# Question #9ef51

Mar 13, 2015

The solution is: $y = \ln \left(x + \sqrt{{x}^{2} - 1}\right)$.

The exponential form of the function $y = \arccos h x$ is:

$y = \frac{{e}^{x} + {e}^{-} x}{2}$

and its graph is:

graph{coshx [-10, 10, -5, 5]}

So we have to restrict its domain to values in $\left(- \infty , 0\right]$ or in $\left[0 , + \infty\right)$.

Usually the choice is $\left[0 , + \infty\right)$, the range of the variable $y$ is $\left[1 , + \infty\right)$.
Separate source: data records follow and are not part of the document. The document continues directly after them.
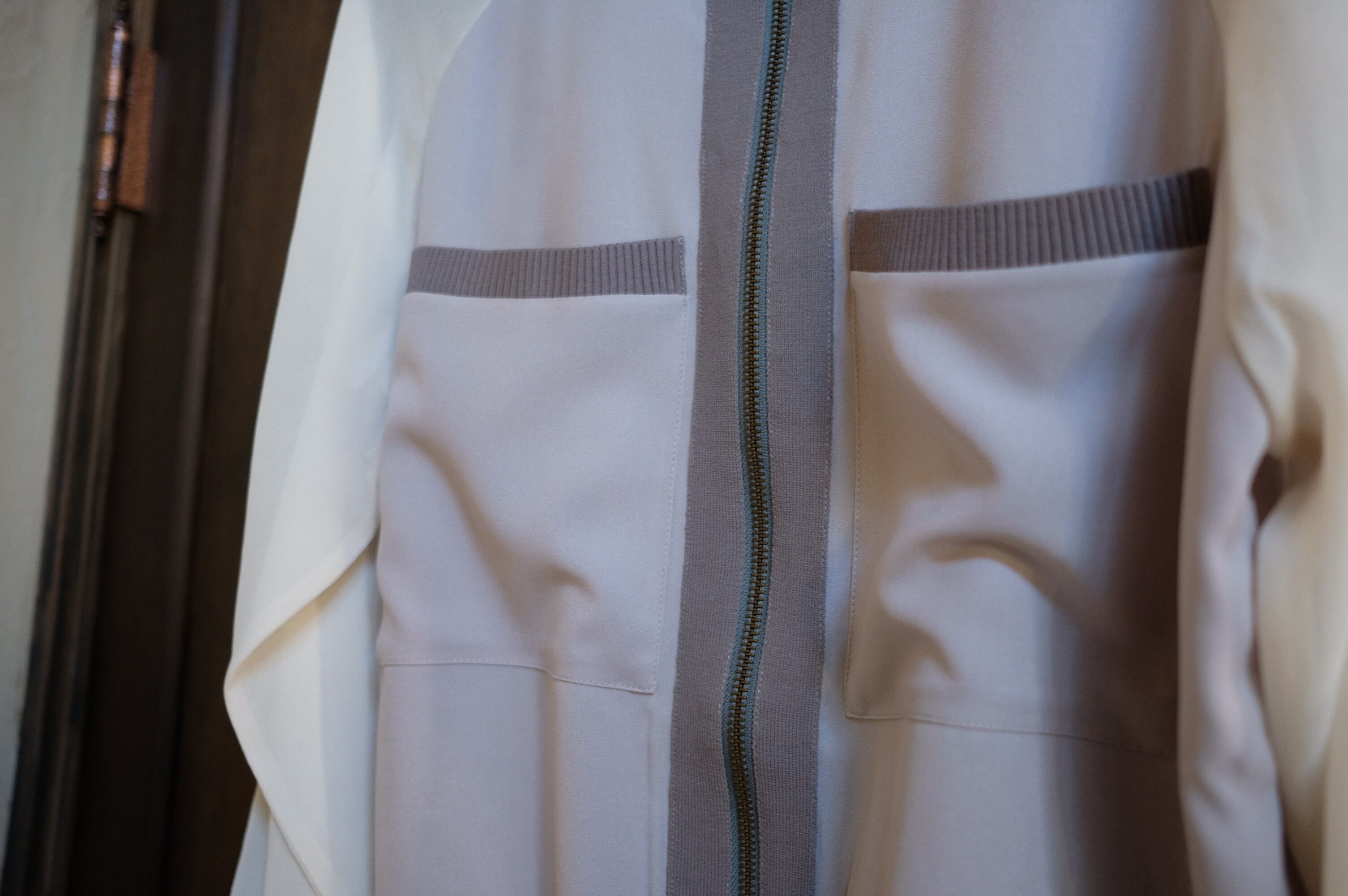 新登場の「【PAREATSU】異素材コンビフロントジップブルゾン」は、ジョーゼット×シフォン×ニットの異素材配色が映える、秋にぴったりの羽織です!シワになりにくい特性を持つジップブルゾンは、快適さとスタイルの両方を兼ね備えています。軽やかな素材感で、さまざまなコーディネートに合わせやすく、デイリースタイルに新たなエッセンスを加えます。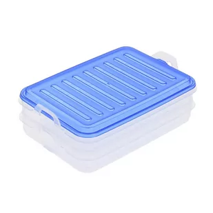 Praktyczny organizer, zestaw pojemników 2-poziomowych do przechowywania wędlin, serów, owoców. Pojemniki wykonane z tworzywa sztucznego wolnego od BPA. Idealnie nadają się do przechowywania żywności w lodówce. Pojemniki wchodzą jeden na drugi tworząc jedną całość co pozwala zaoszczędzić miejsce w lodówce. Dzięki zamykaniu na zatrzaski są szczelne co powoduje, że przechowywane produkty dłużej zachowają swoją świeżość.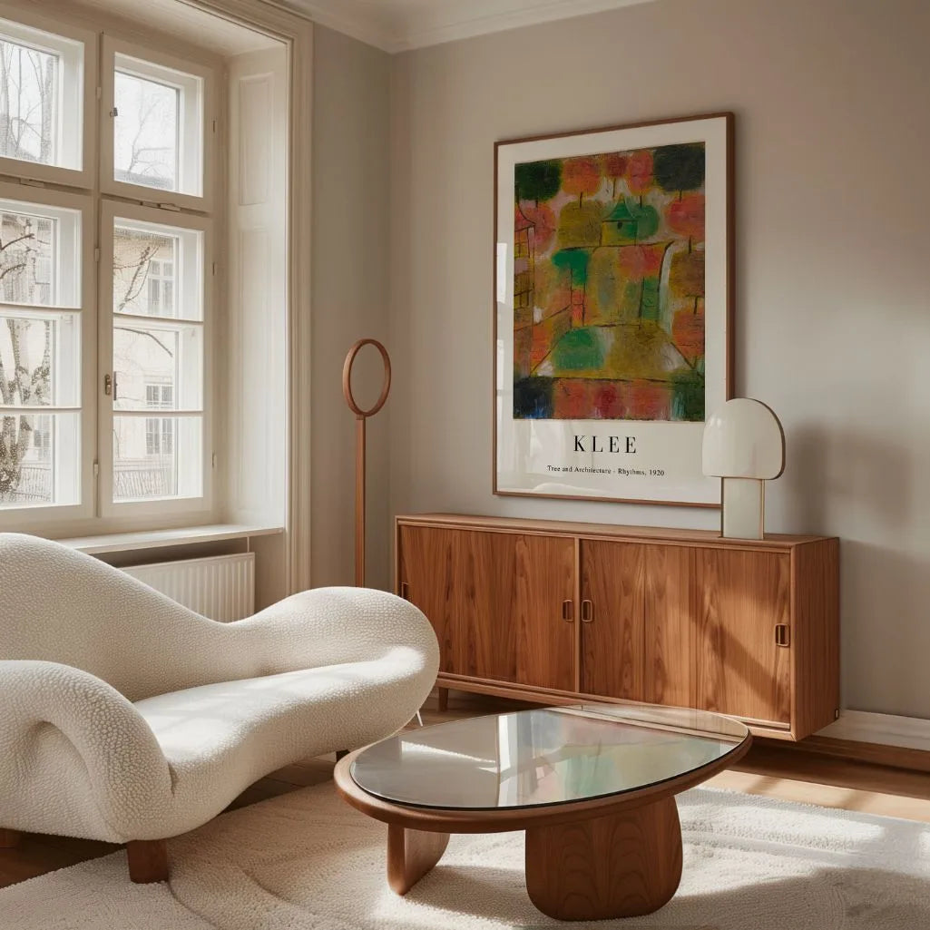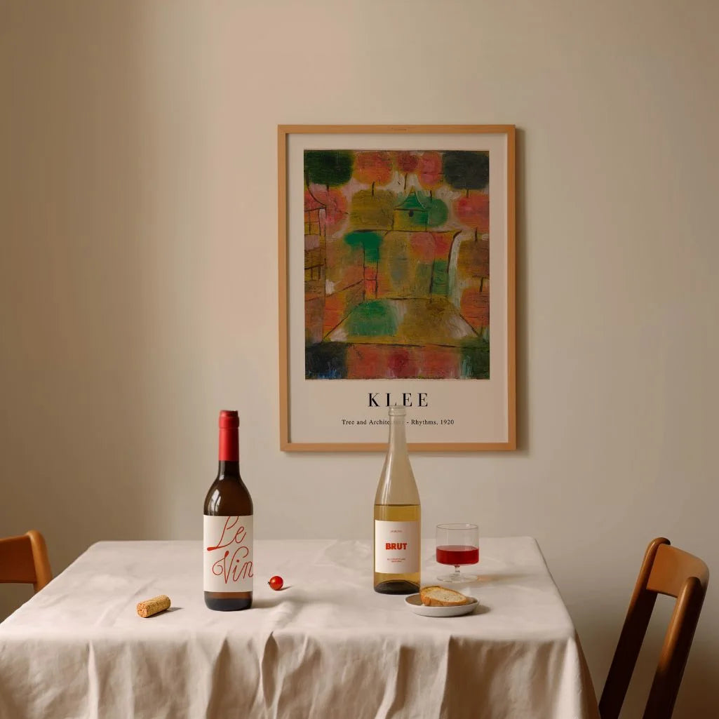 Paul Klee’s Tree and Architecture: Rhythms is a poetic meeting of the organic and the geometric—where the pulse of life appears in both nature and built form. Warm greens, reds, and ochres create a gentle balance between tree-like shapes and architectural blocks, giving the composition a calm, meditative presence. The result feels thoughtful yet inviting, adding artistic character without overwhelming the room. This wall art works beautifully in modern, minimalist, and creative interiors. Choose it as a framed poster or an unframed print to bring quiet rhythm, color harmony, and modern abstraction into your living room, office, or studio.

To find the inverse of a function usually we use this method:

$x = \frac{{e}^{y} + {e}^{-} y}{2} \Rightarrow 2 x = {e}^{y} + \frac{1}{e} ^ y \Rightarrow {e}^{2 y} - 2 x {e}^{y} + 1 = 0 \Rightarrow$

${e}^{y} = x \pm \sqrt{{x}^{2} - 1}$

Because the choice of the domain and the corresponding range of $y$ we can take only the solution:

${e}^{y} = x + \sqrt{{x}^{2} - 1}$,

and so:

$y = \ln \left(x + \sqrt{{x}^{2} - 1}\right)$.